Am Anfang ver­ste­hen viele Kol­le­gen nicht, was die Kul­tur­re­fe­ren­tin mit dem Wett­be­werb errei­chen möchte. Heute ist er aus dem Kul­tur­ka­len­der nicht mehr weg­zu­den­ken. „Dana hat immer ver­sucht, andere Dinge in das kul­tu­relle Leben der Stadt zu brin­gen. Sie wollte Ange­bote schaf­fen, auch für Jün­gere“, sagt Syl­via Gra­mann. Zusam­men haben sie neue Ver­an­stal­tun­gen kre­iert, die klas­si­sche Form der Lesung mit Schau­spie­lern und Sän­gern gemischt.

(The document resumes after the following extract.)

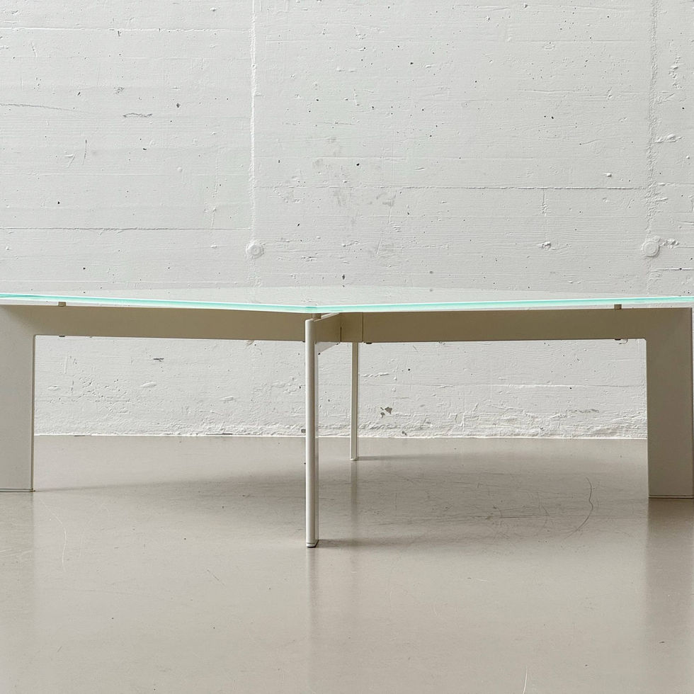 Zustand: Guter Zustand mit altersbedingten Gebrauchsspuren. Leichte Kratzer und punktuelle Abriebspuren auf der Glasplatte sowie minimale Lackspuren am Gestell, insgesamt gepflegter Gesamteindruck.

Eine der ers­ten Sta­tio­nen der beruf­li­chen Lauf­bahn von Dana Kern ist das Lite­ra­tur­mu­seum im Mei­nin­ger Baum­bach­haus. Neben der wis­sen­schaft­li­chen Arbeit ist sie auch für lite­ra­ri­sche Pro­gramme zustän­dig. Die Gele­gen­heit, das Haus über­re­gio­nal bekannt zu machen, bie­tet sich aber erst Jahre danach von ande­rer Posi­tion. 2001 jährt sich der Geburts­tag des Mär­chen­dich­ters Lud­wig Bech­stein zum 200. Mal. Für sie nicht ein­fach ein run­der Geburts­tag, den es zu wür­di­gen gilt. Sie will etwas Blei­ben­des schaf­fen, ein Fes­ti­val, das wie­der­kehrt und auf das die Welt war­tet. Womit kann man Dich­tung leben­dig hal­ten? Durch einen Preis, den ers­ten Thü­rin­ger Mär­chen- und Sagen­preis. Kris­tin War­detzky erhält ihn für ihre For­schungs­ar­bei­ten an der Uni­ver­si­tät der Künste Ber­lin und für die Grün­dung des Erzähl­thea­ters „Fabul­aDrama“. Alle zwei Jahre wird die Aus­zeich­nung danach an Wis­sen­schaft­ler, Publi­zis­ten, Illus­tra­to­ren und Künst­ler ver­ge­ben. „Das eine ist das Tra­di­tio­nelle. Das andere ist das freie Erzäh­len, das Nar­ra­tive. Es geht immer um das Wei­ter­ge­ben“, beschreibt Dana Kern, wor­auf es ankommt. Wenn ein Erzäh­ler den Raum betritt, braucht es nur wenige Minu­ten, bis Kin­der und Erwach­sene die Rea­li­tät ver­ges­sen und mit in seine Welt ein­tau­chen. Jeder hält den Atem an, wenn er einen Weg beschreibt, der durch Wäl­der führt oder über ori­en­ta­li­sche Basare, von denen ein ver­füh­re­ri­scher Duft auf­steigt. Kör­per­lich lässt er sein Publi­kum mit­er­le­ben, was in der Geschichte pas­siert. 2017 gelingt das der tür­ki­schen Erzäh­le­rin Nazli Çevik Azazi so gut, dass sie den Preis von der Jury zuge­spro­chen bekommt. Zwei Jahre vor­her fas­zi­niert ein afri­ka­ni­scher Mär­chen­er­zäh­ler. Men­sah W. Tok­ponto, Pro­fes­sor für Lite­ra­tur­wis­sen­schaft an der Uni­ver­si­tät Coto­nou (Benin), sam­melt Mär­chen aus sei­ner Hei­mat und hält mit sei­nen Stu­den­ten die Tra­di­tion der münd­li­chen Wei­ter­gabe leben­dig. „Mit jedem Greis, der in Afrika stirbt, ver­brennt eine ganze Biblio­thek“, ist seine Über­zeu­gung. Mei­nin­gen ist zu einem Mekka der Erzähl­kunst und der damit ver­bun­de­nen For­schung gewor­den. Die Pro­vinz, Fluch und Segen für Dana Kern, hat nach den Ster­nen gegrif­fen und ihr Leuch­ten geschenkt bekommen.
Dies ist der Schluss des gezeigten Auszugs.